In 1596 a public decree, issued by the apostolic chamber, introduced a new system to visually mark out people considered eligible to receive alms. Applicants had to prove their credentials by answering questions on topics about their religious devotion and life experiences, ranging from whether they had a criminal record to what they hoped to do in the future. If they could demonstrate that they were unable to earn a living any other way, they were given a licence to beg, to be worn pinned to their left shoulder where it could always be seen. This selection process was enforced well into the 17th century.

The desire to categorise poor people was partly driven by suspicions about impostors. The popular print ‘The Deceits of the World’ by Cristofano Bertelli shows the supposed tricks played by people on the streets: near the centre of the page is a man holding a stave pretending to be a pilgrim, a phenomenon reported in the statutes of the Most Holy Trinity of Pilgrims and Convalescents, which outlined the process by which they vetted and turned away those who disguised their identity, or admitted them ‘if they did not suspect them of being vagabonds or similar’.
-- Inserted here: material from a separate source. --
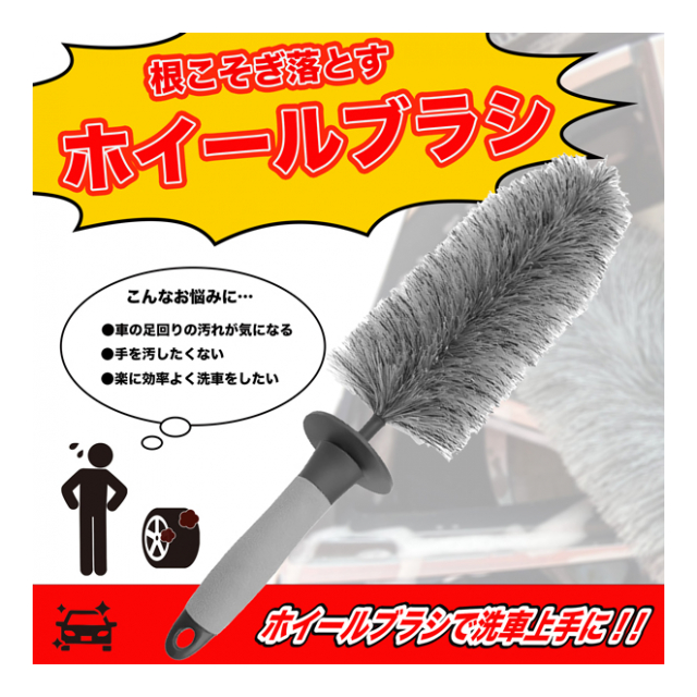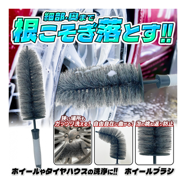 ホイール ブラシ 細部 奥まで 根こそぎ落とす 48cm ロングブラシ 曲がる 洗車ブラシ ホイール洗浄 洗車 カーウォッシュ 足回り ディティールブラシ 傷つかない 48cm ブラシ曲がる 泡洗浄 飛び散り防止 洗車ブラシ 洗車グッズ 作業道具 ◇ ホイールブラシJIC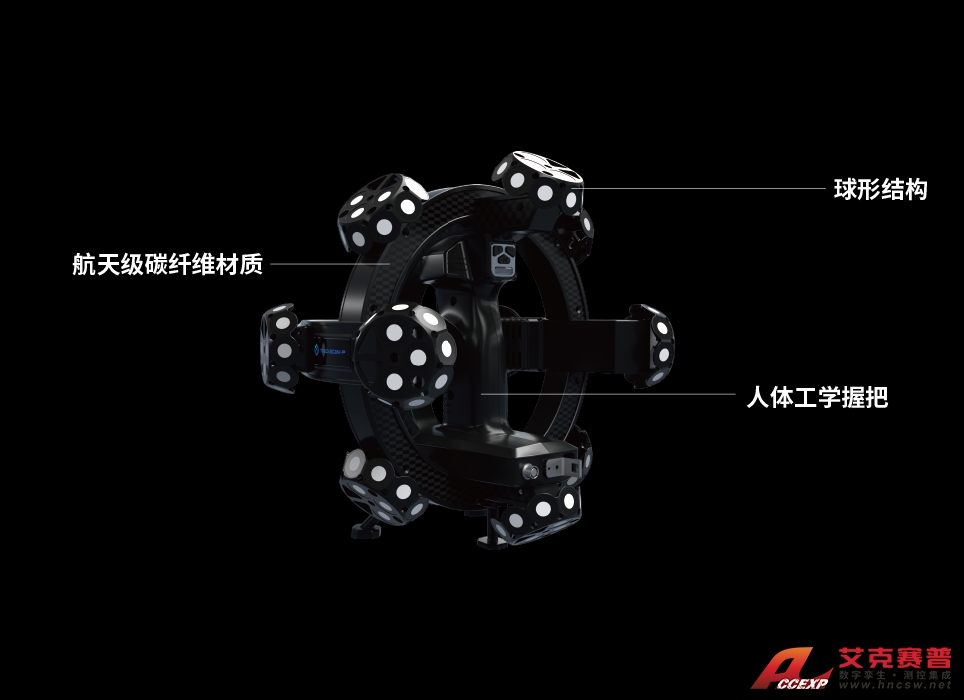 航天級碳纖維材質掃描儀i-Scanner,球形設計結構,堅固耐用;搭配一體式人體工程學控制握把,便于長時間單手靈活移動掃描儀,讓技術人員在不同的測量場景中,更加敏捷自如,帶來人機合一的掌控感。

Accounts of the jubilee years repeatedly lauded the charitable acts they inspired. In 1577 the cardinal of Florence Angelo Pientini claimed that the feat of housing many thousands of pilgrims was famed across the globe and likened it to the challenge of feeding the labourers who built the Great Pyramid of Giza. Another observer praised how ‘the whole of Rome transformed itself into a hostel for pilgrims’. Yet these events perpetuated well-established distinctions between the deserving and undeserving poor, confirming the notion that only certain members of society were worthy recipients of charity.

 

Elizabeth Currie is the author of Street Style: Art and Dress in the Time of Caravaggio (Reaktion Books, 2025).